_WHAT YOU NEED TO DO_. A faithful copy of all the data is the goal; omit the pictures.
__________________________________________________
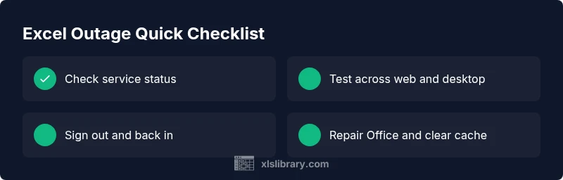 An Excel outage can mean different things: the desktop application fails to start, Excel Online won't load a workbook, or dashboards that rely on Excel data sources go offline. According to XLS Library, outages often split into two broad categories: service-wide outages on Microsoft's end and problems tied to your local network or account. Start by distinguishing between these two to avoid chasing a local fix when the problem is global. If multiple users report the same issue, the culprit is more likely a service disruption rather than something on your machine. On the other hand, if only one device or one workbook is affected, you can narrow the scope quickly by testing alternatives (web vs desktop, another file, or another account).
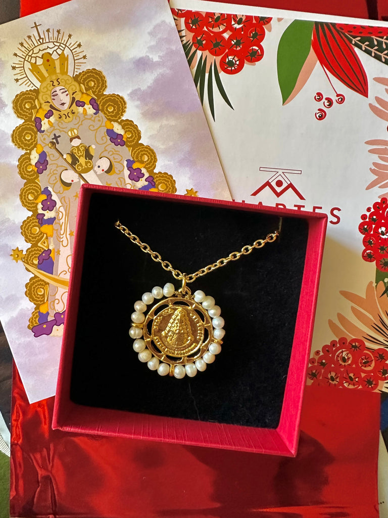 Medalla de la Virgen del Carmen con perla natural y esmalte azul marino
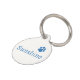 Simple design in blue and white with your pet's name and address, your phone number or text. And a matching paw print.
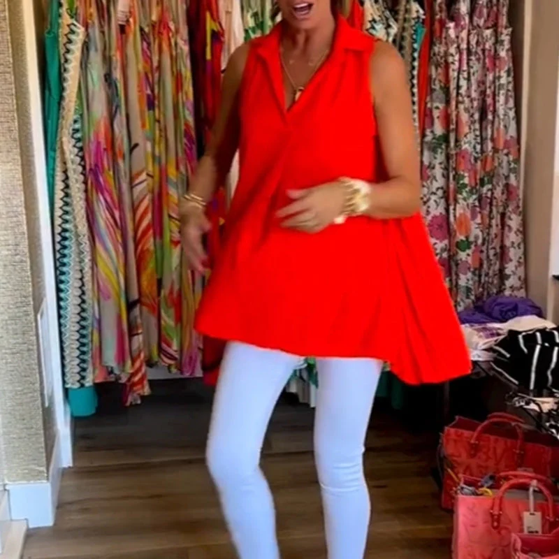 Mouwloze top voor dames met ruches en revers
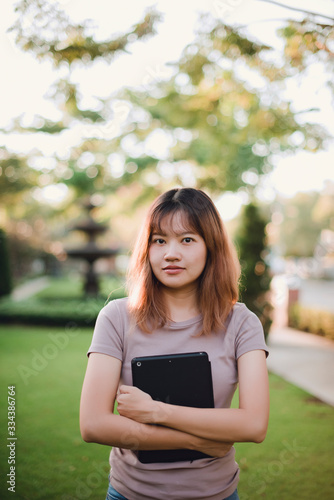 woman, young, tablet, student, park, beautiful, computer, people, happy, book, reading, person, outdoors, business, smiling, grass, outside, nature, portrait, beauty, technology, smile, university, laptop, working, media, chess, lifestyle, asia
__________________________________________________
_RESPONSE TO THE TASK_.
 An Excel outage can mean different things: the desktop application fails to start, Excel Online won't load a workbook, or dashboards that rely on Excel data sources go offline. According to XLS Library, outages often split into two broad categories: service-wide outages on Microsoft's end and problems tied to your local network or account. Start by distinguishing between these two to avoid chasing a local fix when the problem is global. If multiple users report the same issue, the culprit is more likely a service disruption rather than something on your machine. On the other hand, if only one device or one workbook is affected, you can narrow the scope quickly by testing alternatives (web vs desktop, another file, or another account).
 Medalla de la Virgen del Carmen con perla natural y esmalte azul marino
 Simple design in blue and white with your pet's name and address, your phone number or text. And a matching paw print.
 Mouwloze top voor dames met ruches en revers
 woman, young, tablet, student, park, beautiful, computer, people, happy, book, reading, person, outdoors, business, smiling, grass, outside, nature, portrait, beauty, technology, smile, university, laptop, working, media, chess, lifestyle, asia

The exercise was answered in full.